▸ Supplied information:
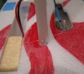 Трещины две, обе по левому борту. Не понятно в какой момент они образовались. Фото с облета. Ветер сегодня был совсем не для полетов, отлетал одну батарею, в полгаза самолет стоял на месте против ветра. Посадка нормально, практически штатно, за исключением момента, что слойка садилась стоя на месте, плавно вертикально снижаясь на брюхо. Собрался летать второй акк, обнаружилось отслоение моторамы, причем не по местам склейки, а расслоилась потолочка. Залил циакрином но летать не стал, обнаружил те самые трещины.
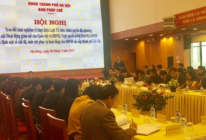 Ngày 09/3, Ban Pháp chế HĐND Thành phố đã tổ chức Hội nghị Ban Pháp chế HĐND thành phố với Ban Pháp chế HĐND quận, huyện, thị xã trao đổi kinh nghiệm, tọa đàm về áp dụng Luật Tổ chức chính quyền địa phương, Luật Hoạt động giám sát của Quốc hội và HĐND, Nghị quyết số 04/2016/NQ-HĐND ngày 01/8/2016 quy định một số chế độ, mức chi phục vụ hoạt động của HĐND các cấp thành phố Hà Nội.
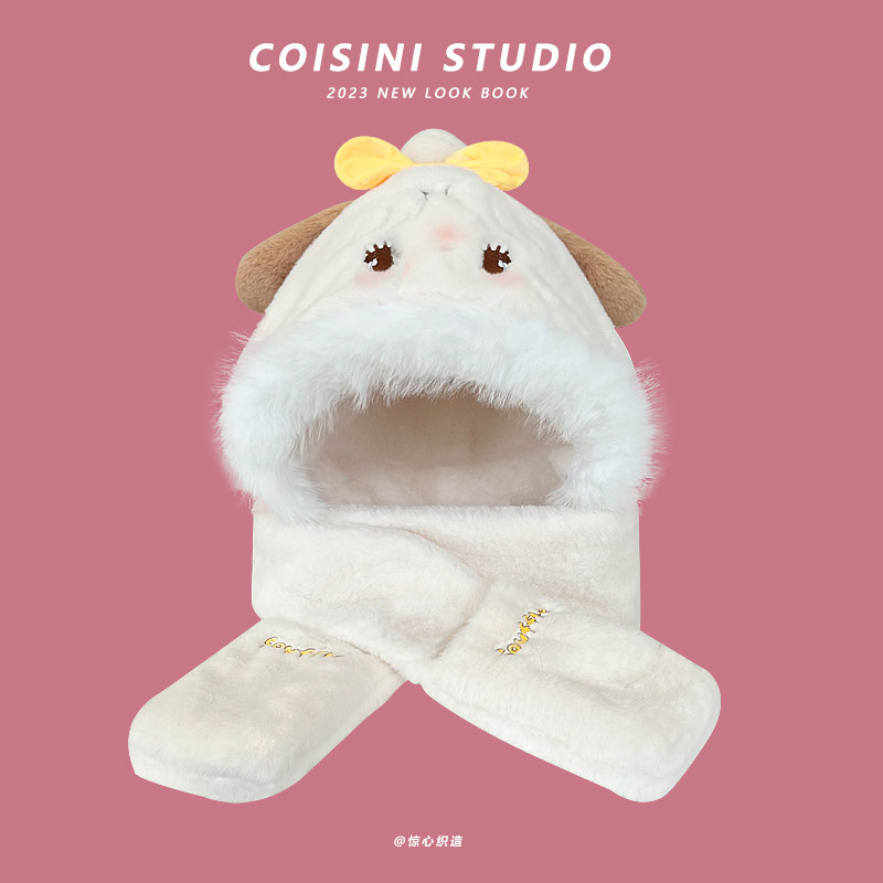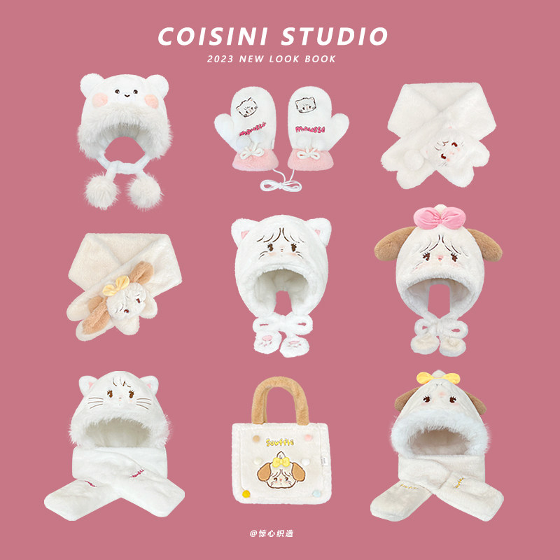 Оригинальная бархатная демисезонная удерживающая тепло шапка, удерживающий тепло милый шарф, комплект, 3 предмета

▸ Exercise goal: Quote the listing above in full, except for the pictures.

▸ Exercise answer:
 Трещины две, обе по левому борту. Не понятно в какой момент они образовались. Фото с облета. Ветер сегодня был совсем не для полетов, отлетал одну батарею, в полгаза самолет стоял на месте против ветра. Посадка нормально, практически штатно, за исключением момента, что слойка садилась стоя на месте, плавно вертикально снижаясь на брюхо. Собрался летать второй акк, обнаружилось отслоение моторамы, причем не по местам склейки, а расслоилась потолочка. Залил циакрином но летать не стал, обнаружил те самые трещины.
 Ngày 09/3, Ban Pháp chế HĐND Thành phố đã tổ chức Hội nghị Ban Pháp chế HĐND thành phố với Ban Pháp chế HĐND quận, huyện, thị xã trao đổi kinh nghiệm, tọa đàm về áp dụng Luật Tổ chức chính quyền địa phương, Luật Hoạt động giám sát của Quốc hội và HĐND, Nghị quyết số 04/2016/NQ-HĐND ngày 01/8/2016 quy định một số chế độ, mức chi phục vụ hoạt động của HĐND các cấp thành phố Hà Nội.
 Оригинальная бархатная демисезонная удерживающая тепло шапка, удерживающий тепло милый шарф, комплект, 3 предмета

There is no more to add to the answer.